Most of us use free colab and kaggle gpus, so yeah we need to save as much vram as we can to be able to finetune a pretrained model, but if some1 use A100 , so yes i believe the cache should be truned on, also upcast the model norms layers float 32 for better training stability

I don’t get it. Why does casting up the layers to float32 not cause errors? I thought the falcon modle was in bf16 which isn’t the same type as the norm layer e.g.
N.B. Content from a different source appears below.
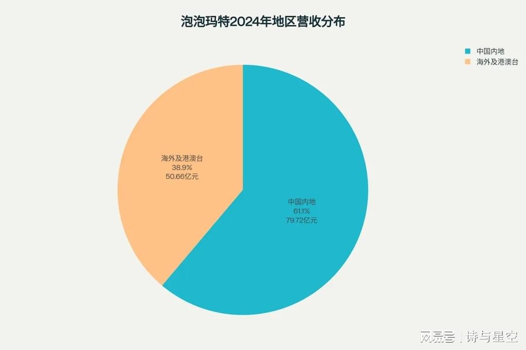 2024年泡泡玛特地区收入结构发生显著变化,中国内地营收79.72亿元,同比增长52.3%,占总营收的61.1%。

I’m confused about this line of code:

    # - qlora-ft (train)
    max_seq_length = 512  # todo, get from config
    trainer = SFTTrainer(
        model=model,
        train_dataset=trainset,
        peft_config=peft_config,
        dataset_text_field="text",
        max_seq_length=max_seq_length,
        tokenizer=tokenizer,
        args=training_arguments,
    )

    # todo: why this?
    for name, module in trainer.model.named_modules():
        if "norm" in name:
            module = module.to(torch.float32)

    trainer.train()

thoughts?

Nope the model was downloaded and loaded in memory with bf16 to save vram, but after that you can change it to whatever you want, i download it in torch.float16, cause free gpu doesn’t support bf16

I have an additional question - So, Let’s say we keep the model.config.use_cache = False and then train the model. Later we turn the cache = True and do a model.eval. Does that mean that the model which we would be using for inference now, would be the new trained model? If yes, then what is the whole point of again saving the model and loading through the peft configuration.